First both solutions are perfectly right !
Alternative 1 :
Your HashTable is declared in the main, which means the struct is somewhere in the call stack. The struct will be destroy if you leave the scope. Note : In your case that can't happen because the declaration is in the main so the scope ends on process exit.
Alternative 2:
You've got a HashTable* (pointer) in the call stack so you need to allocate the memory for the struct. To do so you use malloc.
In both case your struct is correctly allocated. The main difference will be on performances. It's far more performant to allocate on the stack but you can't do dynamic allocation. To do so you need to use malloc.
So, some times, you have to use malloc but try to avoid mallocing a lot if you want to do a high performance application.
Is that clear enough? :)
In alternative 1, the caller would allocate table but your function would allocate the contents thereof, which is not always a good idea in terms of memory management. Alternative 2 keeps all allocations in the same place.
As answered previously, the differences between the two alternatives is memory management. In alternative 1 you expect the caller to allocate the memory for table prior to the call; whereas, in alternative 2 just a pointer declaration is required to give you a place to put the memory after you've created it.

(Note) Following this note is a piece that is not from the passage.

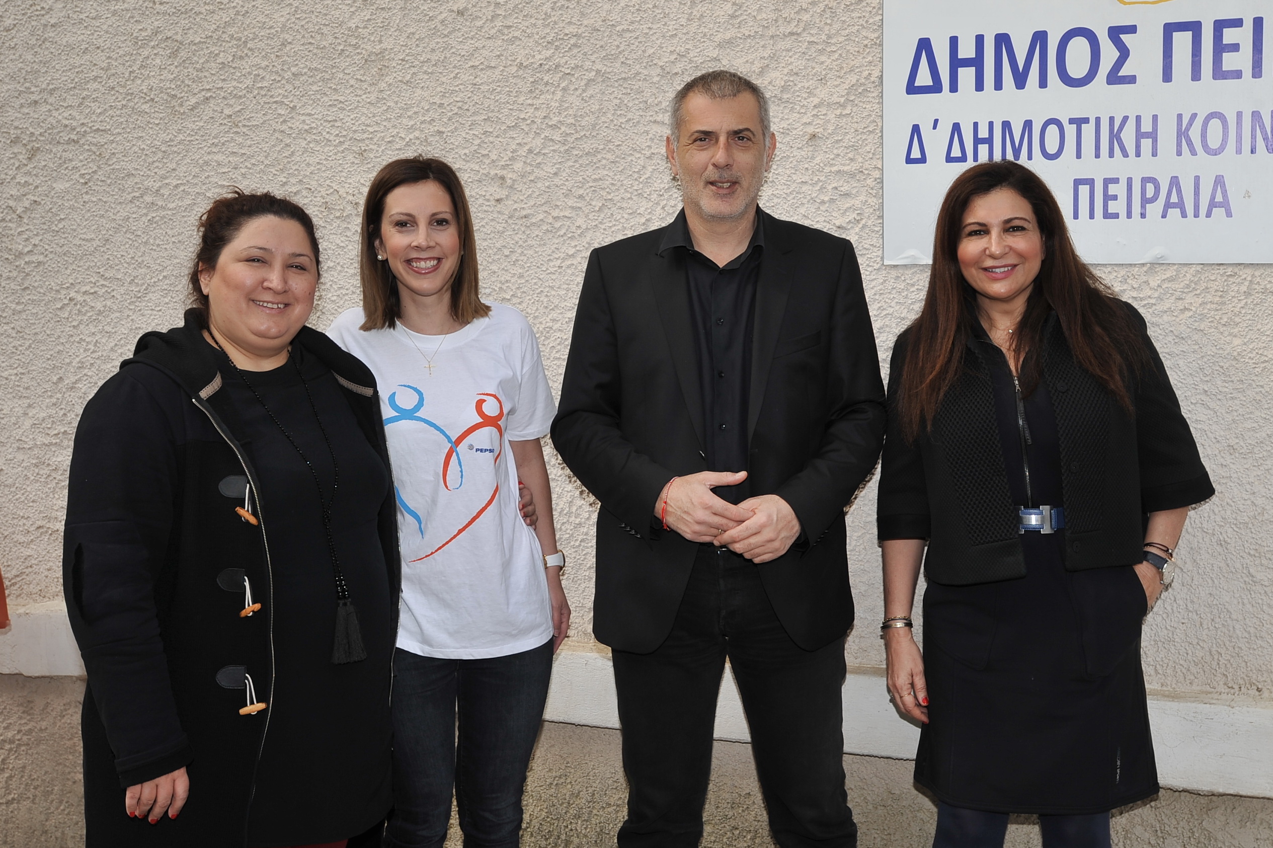 Οι κκ. Αναστασία Μακαριγάκη, Ιωάννα Τσιούρβα και Ναυσικά Πανούση από την PepsiCo με τον Δήμαρχο Πειραιά κ. Γιάννη Μώραλη στη διανομή προϊόντων από τα Lay’s Smiles
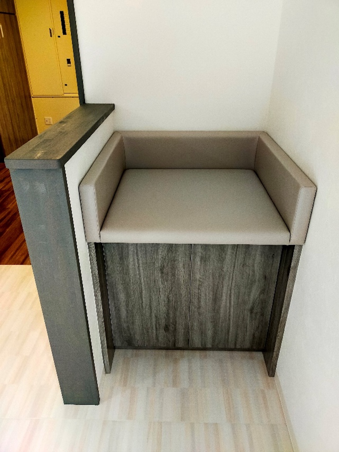 正面玄関にはゴム集成材で製作し、自然塗料で着色したルーバーを取付しました。 内側は図書コーナーとなっており、ルーバーにそってR型のベンチを製作しました。

To question 2, the simple answer is that you are assigning a constant to the string. According to the following site the assignment is set up at compile time, not runtime.
http://publications.gbdirect.co.uk/c_book/chapter6/initialization.html
for question 2:
(*table)->items[0].key = "AAA";
actually puts "AAA" in read only parts of memory and char *key points to it, contents pointed by key cannot be changed.
(*table)->items[0].key[0]='a' gives and error
Here you can find further discussion about it.
What is the difference between char s[] and char *s?
The only difference is where the memory comes from -- local variables are typically on the stack whereas mallocs typically come from the heap.